Open-Source AI Matches Leading Proprietary Model in Diagnosing Cases
According to a new study, an open-source artificial intelligence (AI) model can diagnose challenging medical problems just as well as a top proprietary model. This breakthrough indicates growing competition in AI-powered diagnostics, which may benefit both patients and healthcare providers.
The study, financed by the National Institutes of Health (NIH) and directed by Harvard Medical School researchers, compared the open-source AI model Llama 3.1 405B to GPT-4, a leading closed-source AI. The findings, published in JAMA Health Forum on March 14, show that open-source AI technologies are catching up with proprietary counterparts in terms of clinical reasoning ability.
The researchers examined 92 difficult clinical cases published in The New England Journal of Medicine. The findings revealed that Llama 3.1 405B successfully diagnosed patients 70% of the time, exceeding GPT-4's accuracy rate of 64%. Furthermore, Llama ranked the correct diagnosis as its initial proposal 41% of the time, whereas GPT-4 did 37%. The open-source model did much better on more recent cases, with a 73% accuracy rate.
"For the first time, an open-source AI model has matched GPT-4 on complex diagnostic cases," stated Arjun Manrai, assistant professor of biomedical informatics at Harvard Medical School. "This rapid progress is remarkable, and competition in this field will benefit patients, care providers, and hospitals."
Medical circles are increasingly discussing the debate between open-source and closed-source AI. Closed-source models, like those produced by OpenAI and Google, are externally hosted, necessitating the transmission of patient data to third-party servers. Open-source models, on the other hand, can be used within a hospital's IT system while maintaining data privacy.
"The open-source model is likely to be more appealing to many chief information officers, hospital administrators, and physicians," said Thomas Buckley, a doctorate candidate at Harvard Medical School. "Keeping data in-house is a major advantage for healthcare providers."

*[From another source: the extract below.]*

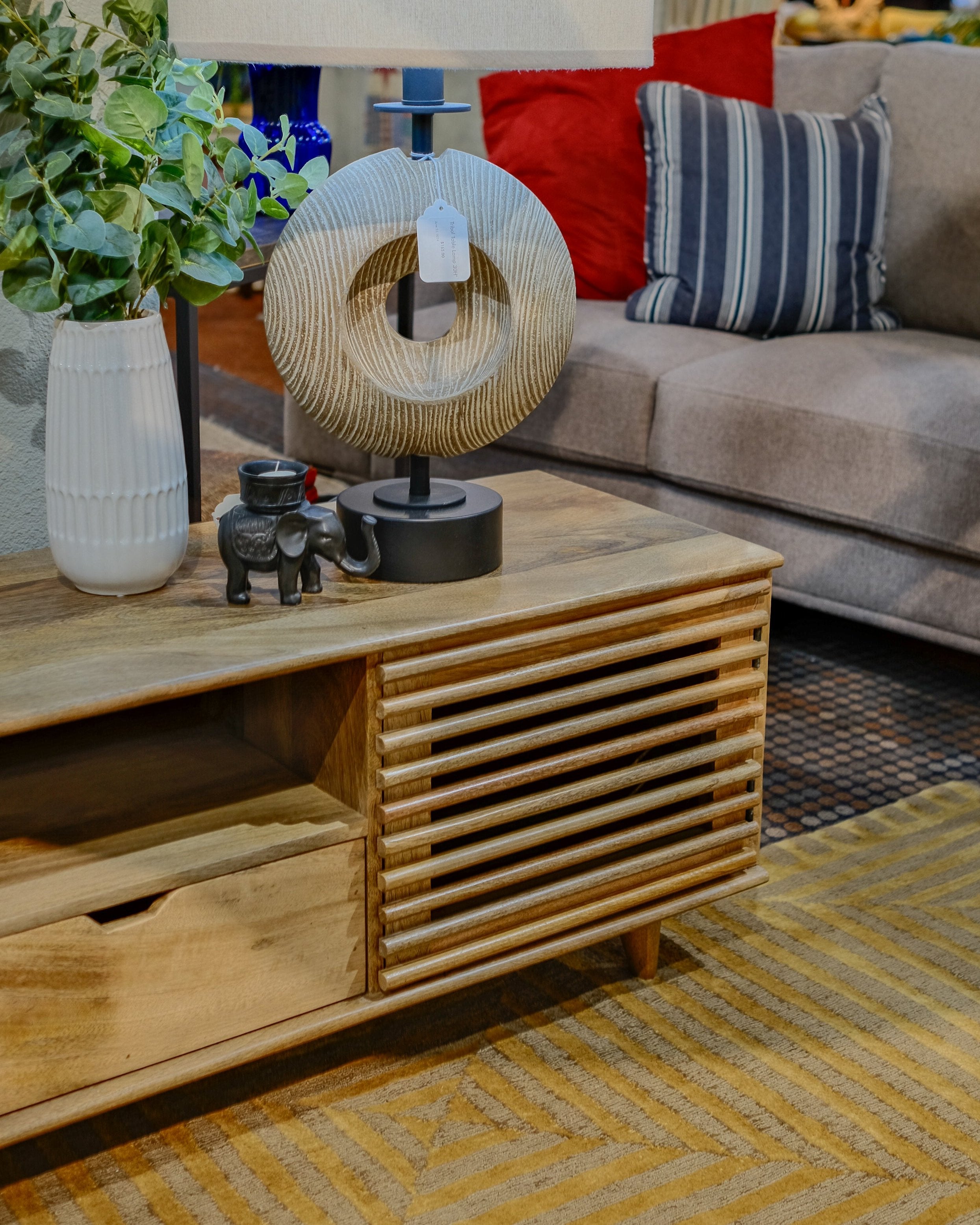 This sleek media console combines functionality with a timeless mid-century modern aesthetic. Featuring a unique slatted design and natural wood tones, it brings warmth and character to any space. The piece includes spacious storage options with open shelving and a pull-out drawer, perfect for organizing electronics, decor, or essentials. Its compact yet stylish profile makes it a versatile addition to living rooms, offices, or entertainment spaces. Complete your setup with this elegant and practical piece!
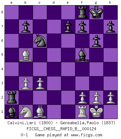 Last move : 0-1 2009 September 24 21:52:36 [Event "FICGS__CHESS__RAPID_B__000124"] [Site "FICGS"] [Date "2009.07.31"] [Round "1"] [White "Calvini,Lari"] [Black "Gensabella,Paolo"] [Result "0-1"] [WhiteElo "1800"] [BlackElo "1837"] 1.Nf3 d5 2.e3 Nf6 3.Be2 g6 4.Nd4 Bg7 5.O-O O-O 6.b3 c5 7.Nb5 Nc6 8.d4 Ne4 9.Bd3 a6 10.Bxe4 axb5 11.Bd3 cxd4 12.e4 dxe4 13.Bxe4 d3 14.Qxd3 Qxd3 15.Bxd3 Bxa1 16.Bxb5 Rxa2 17.c3 Bf5 0-1 This chess game has been lost on time (started : 2009.07.31 16:15:20) Reti Opening Kingside Castling by player White (move 5) Kingside Castling by player Black (move 5) Player Black won this chess game. Follow this game move after move (download)The beauty of a move lies not in its' appearance but in the thought behind it. (Siegbert Tarrasch) Wenn ich mich einlogge, glauben die Leute gewöhnlich nicht, dass ich es selbst bin und sie fangen an, mir dumme Fragen zu stellen. Und wenn sie es glauben, stellen sie wieder andere dumme Fragen. (Judith Polgar) Fischer deseaba darle a los Rusos una sopa de su propia medicina. (Larry Evans) Donnez-moi un Cavalier en 6e et je gagnerais toutes mes parties. (Steinitz) There is a very easy way to return from a casino with a small fortune : go there with a large one. (Jack Yelton)

Furthermore, open-source AI models offer greater customisation. Medical experts can fine-tune them using local data to answer unique research and clinical needs, but proprietary models make this more challenging. However, closed-source models offer customer support and are often easier to incorporate into hospital systems.
Both kinds of AI are trained on large medical datasets, such as research publications, clinical decision support systems, and anonymised patient information. By analysing trends in these databases, AI models help medics diagnose illnesses like cancer, heart disease, and infection.
The study also attempted to avoid bias in testing by considering 22 cases published following Llama's training time. The model's excellent performance implies that it was not only recognising previously learnt examples but also thinking through difficult clinical problems.
"As a physician, I've seen the focus on large language models favoured by proprietary systems," said Adam Rodman, a medical professor at Beth Israel Deaconess Medical Centre. "Our study shows that open-source models can be just as effective, giving healthcare professionals greater control over AI tools."
Each year, diagnostic errors cause injury to about 795,000 people in the United States. These errors not only imperil lives, but they also impose huge financial costs on the healthcare system. Misdiagnoses can result in unnecessary tests, ineffective treatments, and protracted diseases.
"Used wisely, AI can be a trusted diagnostic assistant, improving both accuracy and speed," Manrai told the audience. "However, it is crucial that physicians lead this integration to ensure AI serves the best interests of healthcare."